The institutional environment also reinforces this break. The Personal Information Protection Act (PIPA) allows the processing of pseudonymous information without the explicit consent of data subjects only for statistics, scientific research, and public-interest record preservation. However, information that has undergone pseudonymization is still classified as "personal information," and strict restrictions apply to use beyond the stated purpose or provision to third parties.
The combination of different pseudonymous health care and clinical datasets must also go through restricted environments such as government-designated specialized agencies and "Safe Zones."

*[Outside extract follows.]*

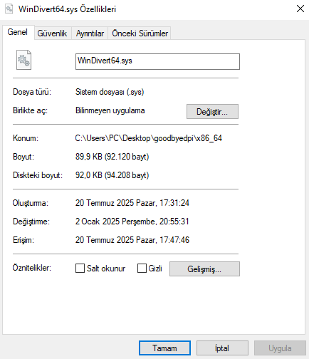 İndirdim dosyaları tekrardan hepsini tek dosyaya attım o dediğin remove dosyasını yönetici olarak çalıştırdım ve entera bastım sonra hepsini sil dedim eski indirdiğim dosyadan kalan tek windivert64.sys dosyası silinmedi.

In the United States, the principle for using health information is also patient consent, but exceptions are institutionally recognized for research purposes. With approval from an Institutional Review Board (IRB), even protected health information (PHI) with reidentification risk can be combined and analyzed directly within institutions by research institutions or corporations, provided privacy protections and internal controls are in place.
◇Will "building bio big data" catalyze change?

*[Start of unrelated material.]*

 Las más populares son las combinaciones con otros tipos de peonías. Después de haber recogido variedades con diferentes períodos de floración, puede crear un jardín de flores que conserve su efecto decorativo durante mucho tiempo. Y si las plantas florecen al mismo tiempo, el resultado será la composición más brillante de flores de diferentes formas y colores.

In this context, the industry also expresses disappointment with the government's ongoing National Integrated Bio Big Data Project (BIKO). There are limits to data collection alone, and a usable ecosystem must be built in parallel. Based on public consent, BIKO envisions the Ministry of Health and Welfare, the Ministry of Science and ICT, the Ministry of Trade, Industry and Energy, and the Korea Disease Control and Prevention Agency working together from 2024 to 2028 to build genomic and clinical data for 772,000 people.
Park Bong-hyeon, a senior researcher at the Korea Biotechnology Industry Organization's Bioeconomy Research Center, said, "Institutional flexibility premised on the continuous use of data is needed," and noted, "One solution could be to expand regulatory sandboxes so researchers can more freely combine and analyze data within Safe Zones."
Park added, "In addition, corporations can expand AI use beyond the candidate discovery stage into later stages only if guidelines for Good Machine Learning Practice (GMLP), which cover the development, validation, and operation of Machine Learning models used in AI drug development, and standards for data submission and evaluation are established together."